El joven salmantino sale a
hombros con el lote de más opciones de una impresentable escalera de inválidos
desbravados; formidable bronca para el genio inhibido de La Puebla.
ZABALA DE LA SERNA
@zabaladelaserna
Diario EL MUNDO de Santander
La oscuridad del cielo gris presidía la tarde. Los focos de
Cuatro Caminos se encendieron para iluminar la aparición del primer toro de
Matilla. Que lidiaba con sus tres hierros: Hermanos García Jiménez, Peña de
Francia y Olga Jiménez.
Mejor que no los hubieran prendido. Para no ver moribundear
al tal «Ateo». Tan poquita cosa. Alguien
decidió apagar las luces: el volatín en el capote de José Antonio Carretero
valió por el puyazo, simulado luego. La lengua fuera antes de tocar el peto. Y
en el peto, el derrumbe. Ni una verónica de Morante de la Puebla cuando de
salida el negrito le echó las manos por delante; ni un muletazo cuando se paró
a plomo. Encogido, enfermizo, el cadáver en vida. Brevísimo Morante. Un grito
le animó a darse prisa, que en cualquier momento podía producirse la muerte
súbita. La espada encontró los blandos y el final de la agonía.
Una carita mínima coronaba la corpulenta anatomía del toro
de José María Manzanares. Sólo la inercia inicial le permitió un manojo de
verónicas ampliamente voladas con empaque. Todo apariencias. Alguna mano
perdida. Derribó por los pechos el caballo de Paco María. Como por accidente.
Un espejismo de la fuerza que no había. Manzanares en cuatro zancadas alcanzó
los medios como apertura de faena... Distancia, dos muletazos a su aire y, en
cuanto se puso en serio, el toque en firme de su derecha tumbó de costado aquel
saco de carnes vacías. Penosa imagen. Desde entonces todo fueron intentos
baldíos de equilibrista. Las voces del fuerte torero se mezclaban con los mugidos
del toro penitente. Dos pinchazos y estocada como postre del calvario.
Alejandro Marcos inauguraba su temporada en la plaza donde
hace un año se convirtió en matador de toros. Cuatro corridas sumó en 2017. El
torillo de Matilla, de muy escaso perfil, manseó desde que pisó la arena.
Cuando lo recogió, consiguió dibujarle una bonita media verónica. De caballo a
caballo, las fugas. Marcos logró encelarlo con clásicos doblones en la obertura
de obra. Incluso ligó tres derechazos de limpio y embrocado trazo. Punteaba sin
ninguna clase el bicho. Y sin humillar. En lo que duró su asquerosa movilidad
antes de rajarse, el joven salmantino -a punto de ser arrollado al presentar la
izquierda- plasmó cosas toreras.
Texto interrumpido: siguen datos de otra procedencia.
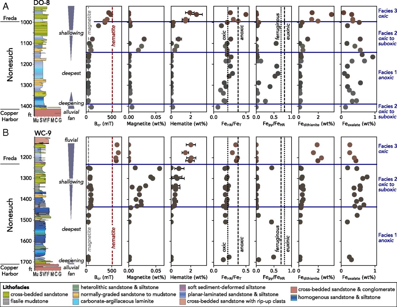 图3 Nonesuch组代表性钻井的磁性矿物学和铁组分地球化学剖面。自下而上,水体由深变浅,沉积环境由缺氧变氧化(Slotznick et al., 2018)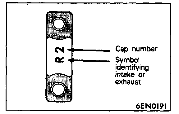 1. Bearing cap Nos.2 to 5 are of the same shape. At installation, check with the markings on the caps of cap number and intake/exhaust identification symbol. Only "L" or "R" is stamped on No.1 bearing cap.

Una bella trincherilla, un natural superior,
un cambio de mano. La intuición de su fino concepto por encima de las
posibilidades. Cobró una estocada a ley, recto como una vela. Los pitones
escanearon las chorreras. Y se embolsó una valiosa oreja para su incipiente
carrera.
Volvió el escándalo tras el leve respiro: un toro basto y
bruto -¡vaya hechuras!- no le gustó nada a Morante. Desde que paró su acometida
en verónicas elevadas. Más coreadas que logradas, estéticamente gruesas. Torció
el gesto el genio. No descolgaba un ápice el buey. Que se enredó en su capote
con la basteza de sus andares. No dio tiempo ni a cronometrar lo que tardó en
irse a por la espada. El cabreo se desató como una formidable tempestad del
Cantábrico. La inhibición tras el pinchazo hondo multiplicó los decibelios. El
toro con un capote colgado del estoque barbeaba tablas y la cuadrilla lo
perseguía; José Antonio Morante Camacho asistía a la escena desde la boca de
riego. Como un pachá. La indignación crecía pareja a la sensación de la estafa
consumada. La plaza estalló iracunda cuando dobló la bestia. Una bronca
bíblica. De las que ya no se escuchan. Hasta septiembre, el de La Puebla
seguirá por los pueblos. En Sevilla volverá a lidiar otra de Matilla...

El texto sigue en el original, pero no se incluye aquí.